Mental Disorder


Friends of the Forensic Science Club, this week we present the paper “Could Expanding and Investing in First-Episode Psychosis Services Prevent Aggressive Behaviour and Violent Crime?” by Hodgins, S. (2022), in which the author carries out a revision about previous literature about the treatments that people with schizophrenia have received to improve their aggressive behavior. 

Schizophrenia is a very complex and difficult to treat mental illness, which causes suffering to those who suffer it in the first person, but also their loved ones.

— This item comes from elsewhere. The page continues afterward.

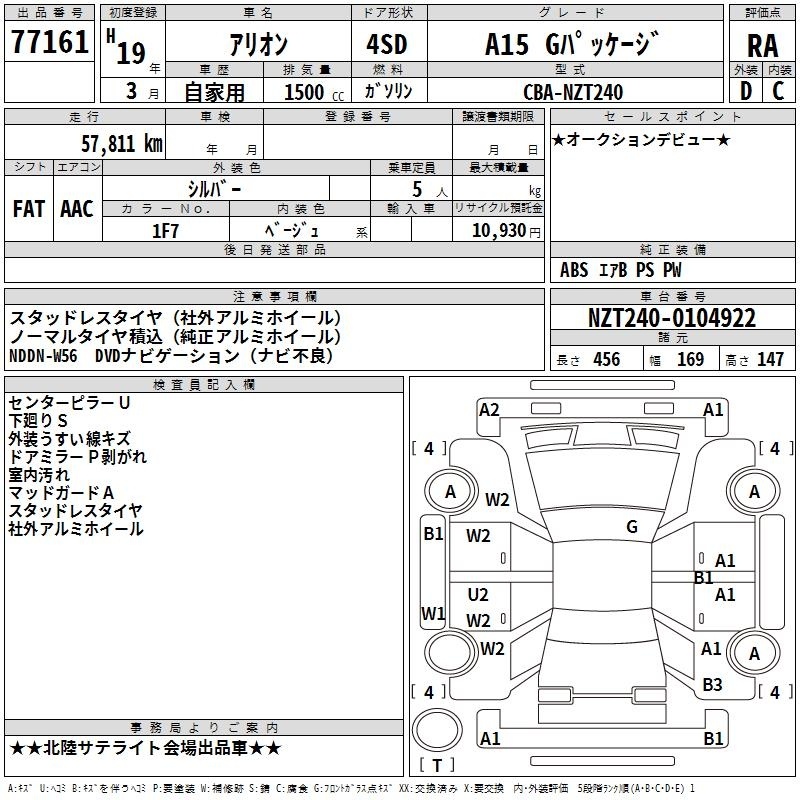 TOYOTA ALLION - лот 77161

Some people who develop or present it, engage in aggressive and sometimes criminal behavior.

Most of these individuals suffer a first episode of psychosis that marks a before and after, but before this episode they usually show behaviors with a certain level of aggressiveness.

However, the needed services to treat the first episodes of psychosis have improved the care of these people, by their early interventions in the course of the illness. This would also help with violent behavior, since some people with schizophrenia have a history of violent behavior and even antisocial behavior since childhood, so they will need urgent treatment. 

Even so, the reality is that many care services for the first episode of psychosis do not treat or evaluate aggressive behavior, so patients manifest them inside and outside psychiatric services.

On many occasions, when this aggressive behavior explodes and someone gets hurt, the perpetrator is charged with a violent crime. Some of these people are judged not criminally responsible due to the mental disorder they suffer, and are sent to forensic psychiatric hospitals. Others are found guilty and sentenced to prison in a conventional center.

In other words, the human costs of the inability to identify and treat these patients when they first come to clinical services are enormous.

Existing literature indicates that first episode psychotic care services have the potential to prevent many manifestations of these aggressive behaviors and, therefore, violent crimes by people with schizophrenia.

This would reduce the human suffering of patients and victims, as well as the costs of police, courts, prisons and other social care resources, also helping to reduce the stigma against people with mental illnesses.

There is evidence that confirms that people with schizophrenia are more likely than their peers of the same age and gender to engage in aggressive behavior (which, in turn, can lead to criminal prosecution). They are at higher risk of being convicted of non-violent and violent crimes, and especially of being convicted of homicide. However, mental health services for people with schizophrenia do not assess or treat aggressive behaviors.

A meta-analysis found that 35% of people who contacted care services for their first episode of psychosis had previously suffered at least one aggression.

For example, a study with more than 200 people treated by these services, carried out in the United Kingdom, found that a third of men and 10% of women were convicted or found not guilty for mental illness in at least one violent crime . That is, it appears that most patients with schizophrenia who display aggressive behavior are indeed at increased risk of offending.

In general, among the people that present a first episode of psychosis and suffer from schizophrenia, there are two groups: one of them are people who have a long history of violent behavior problems that have sometimes ended up turning into crimes, and on the other hand, there are the people who recently manifest this type of aggressive behavior.

Another significant piece of information is provided by a study carried out in Canada, which reports that the majority of people declared not criminally responsible due to a mental disorder, between 2000 and 2005, were men with a diagnosis of schizophrenia who had committed a violent crime.

A meta-analysis showed that 29-38% of the patients seen in first-episode psychosis clinics used cannabis regularly. Another meta-analysis found that, among people with severe mental illness, the risk of violent attitudes increased between two and five times with cannabis use. This suggests that these people may also suffer from an addiction disorder.

On the other hand, adults with schizophrenia show higher levels of victimization than their neighbors, even after being aware of their own criminality, and are also more at risk of being victims of homicide.

It has been shown that when treatment is applied to these patients, which in addition to being focused on schizophrenia also focuses on violent behavior, their mental health improves and aggressive episodes are reduced.

Therefore, all the available evidence suggests that identifying and treating this behavior, in addition to psychosis, would reduce the suffering of patients, and the secondary human and economic costs. In addition, it would promote the safety of patients and their loved ones and help them with their independence and autonomy.